WORK TO COMPLETE:
Would you restate the full listing word for word and omit its pictures?

PROVIDED DATA:
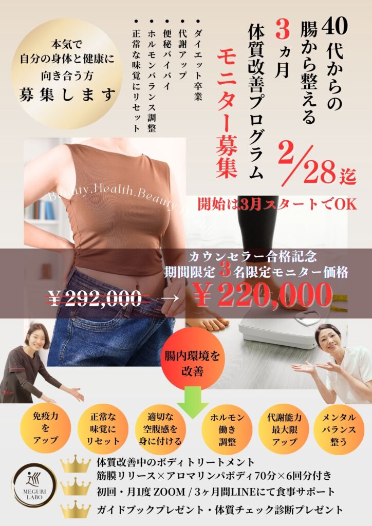 「40代からの腸から整える3ヵ月体質改善プログラムモニター募集」のお知らせです。
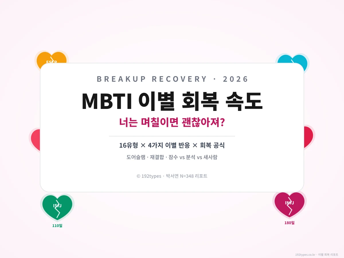 이 글은 16유형의 이별 회복 기간을 줄 세운 랭킹이야. 192가지 성격 유형 검사 데이터 348명 + 인지기능 보정으로 산출했어. 1위 ESTP(2일), 꼴찌 INFJ(180일). 회복 유형 4가지(울음/분석/은둔/새사람), 도어슬램(Door Slam) 위험도, 재결합 확률까지 다 풀어줄게. MBTI 연애 속도 순위에서 시작 속도를 봤다면 이 글은 끝 속도야. 같이 보면 네 연애 패턴이 완벽하게 보여.
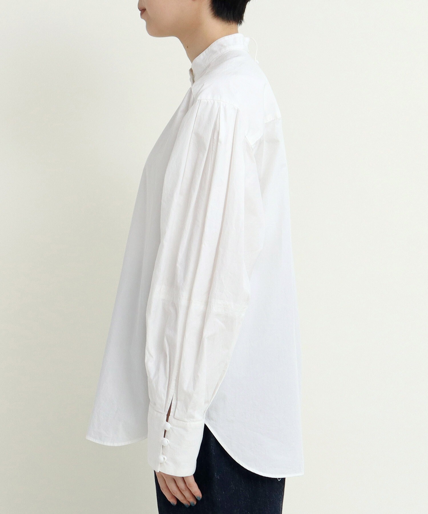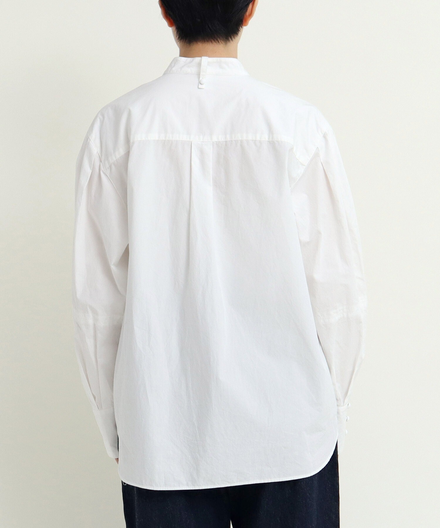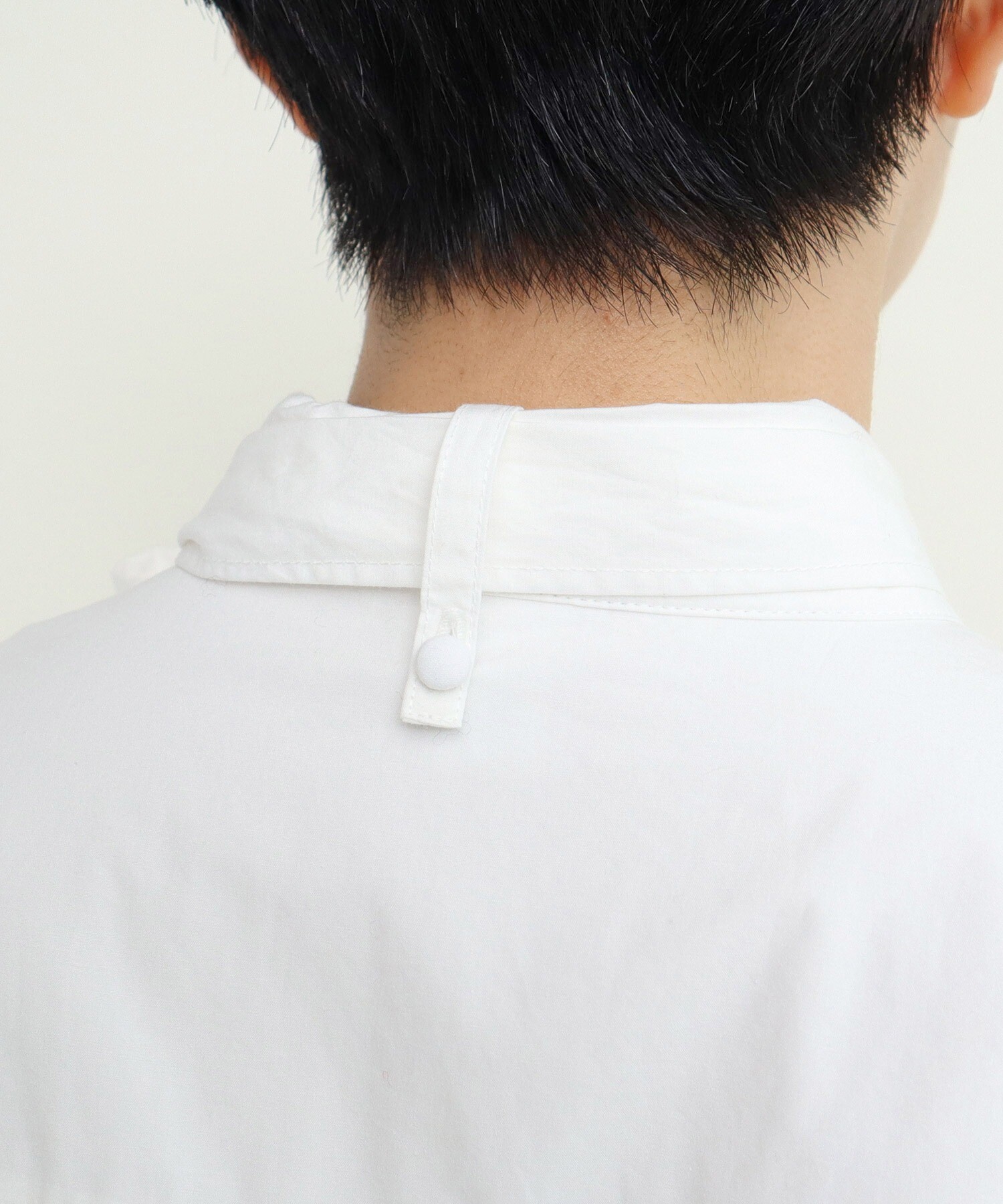 ボウタイは後ろのループに通す仕様なので、取り外してスタンドカラーシャツとしてもお楽しみ頂けます。

RESPONSE TO THE EXERCISE:
 「40代からの腸から整える3ヵ月体質改善プログラムモニター募集」のお知らせです。
 이 글은 16유형의 이별 회복 기간을 줄 세운 랭킹이야. 192가지 성격 유형 검사 데이터 348명 + 인지기능 보정으로 산출했어. 1위 ESTP(2일), 꼴찌 INFJ(180일). 회복 유형 4가지(울음/분석/은둔/새사람), 도어슬램(Door Slam) 위험도, 재결합 확률까지 다 풀어줄게. MBTI 연애 속도 순위에서 시작 속도를 봤다면 이 글은 끝 속도야. 같이 보면 네 연애 패턴이 완벽하게 보여.
 ボウタイは後ろのループに通す仕様なので、取り外してスタンドカラーシャツとしてもお楽しみ頂けます。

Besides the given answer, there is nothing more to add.